Hostas, a hardy perennial, originated from the Far East. Introduced first to Europe in the late 1700s, the hosta plant made its way to America about the mid-1800s. Today, the plants can be found throughout the country as it grows in a range of hardiness zones. Hostas generally are low-maintenance plants and boast more than 2,500 different cultivars (cultivated varieties). However, hostas have a natural enemy, and this enemy may be the reason your plants have holes in the leaves.

Basics of the hosta plant

The leaves of the hosta plant are broad, emerging from a central crown and developing into a mounded form, describes the University of Minnesota Extension office. Depending on the variety, hosta leaves may range in color from grass green to yellowish-green and multicolored patterns of green and white. The texture of the leaves also varies depending on the cultivar.

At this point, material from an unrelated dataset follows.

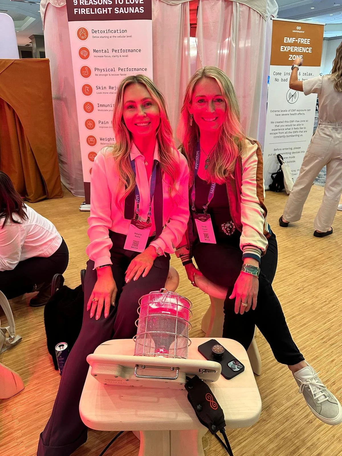 Stepping into the event felt like walking into a biohacker's dream! The Hilton’s ballroom was transformed into a biohacking haven, with booths from over 100 brands showcasing cutting-edge products and technologies designed to optimize health and longevity. The vibrant colors, sleek designs, and innovative setups of each booth were captivating. It felt like stepping into the future.
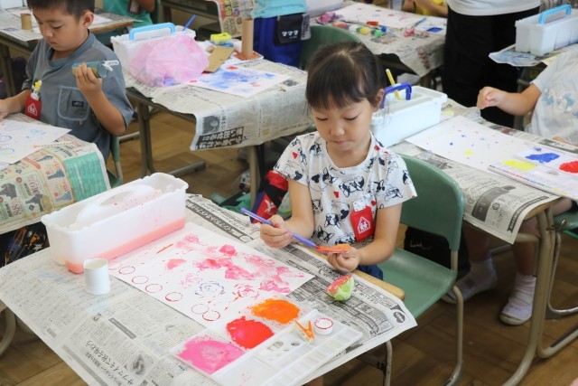 「スタンプぺったん」を行いました。様々なものに絵の具をつけてスタンプにして、見事な作品を完成させました。

According to Master Gardener Gretchen Heinke from the Ohio State University Extension office, “All hostas bloom in summer with spikes of lavender to white, lily-like flowers, which can be quite showy…All fragrant hosta flowers are hybridized from Hosta plantaginea.” The flowers of the hosta plants can attract bees, butterflies and hummingbirds. Its leaves, however, often attract slugs.

Hosta leaves and slugs

The leaves of your hostas can appear to be one big buffet to a slug. Often home gardeners blame the holes in the leaves of the hosta plants on cutworms or other insects. Generally, the culprit is the slug. Snails also will chew and leave holes in hosta leaves, but typically, it’s the slugs that munch on hostas in the United States. The holes the slugs leave tend to be irregular-shaped.

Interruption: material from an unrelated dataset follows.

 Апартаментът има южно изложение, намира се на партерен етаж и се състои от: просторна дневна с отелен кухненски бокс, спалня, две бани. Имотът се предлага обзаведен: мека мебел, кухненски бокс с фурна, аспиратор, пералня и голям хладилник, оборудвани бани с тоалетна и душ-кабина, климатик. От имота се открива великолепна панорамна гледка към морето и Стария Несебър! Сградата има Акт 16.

Slugs become active as the early spring days begin to warm. The creature prefers moist conditions and is most active at night. During the day, you may find slugs attached to the underside of your hosta plant’s leaves, as the slug seeks respite from the sun and heat. Recognizing a slug is easy. It looks like a snail without a shell, legless and usually it leaves behind a slimy trail as it moves across the leaves of your plants.

Ridding hostas of slugs

Tim Gibb, an Integrated Pest Management Specialist from the Purdue University Extension office, recommends three methods for removing slugs from your hostas. These methods include handpicking the slugs off the plants, baiting it with a beer trap, or using a commercial slug bait trap.

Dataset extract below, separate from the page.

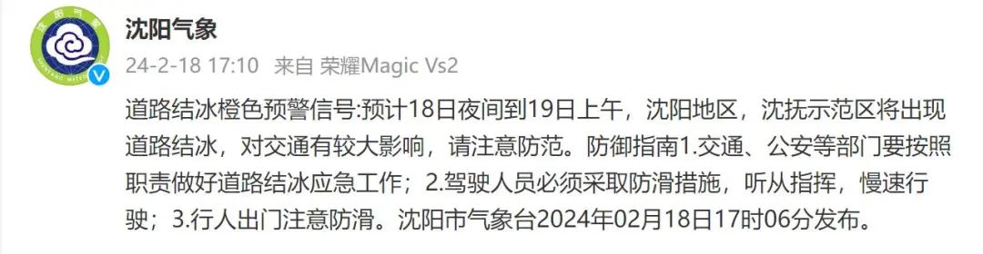 沈阳市气象台发布

  • If you decide to handpick the slugs off the hostas, the job is best done in the evening when the slugs are most active and easiest to see. Gloves should be worn. Place the slugs in a bucket filled with soapy water to kill them. Once they are dead, you can add their remains to your compost bin. If you don’t compost, simply place the slugs in a garbage bag and dispose with the trash.
  • A beer bait trap is simple and means you don’t have to touch the slugs. Gibb suggests placing a “small amount of beer into a flat, open, container buried in the soil up to its lip.” Add enough beer to cover the bottom of the container, about one-quarter inch. Slugs are attracted to the yeast in the beer. The yeast attraction tempts the slug to crawl in, get drunk, drown and die.
  • Commercial slug bait uses a chemical in pellet form to kill the slug. The slug bait needs to be deposited in the areas where the slugs hide during the day—shady areas such as under plant leaves or under any debris in the soil. Check the hiding areas each morning after laying bait and remove the dead slugs.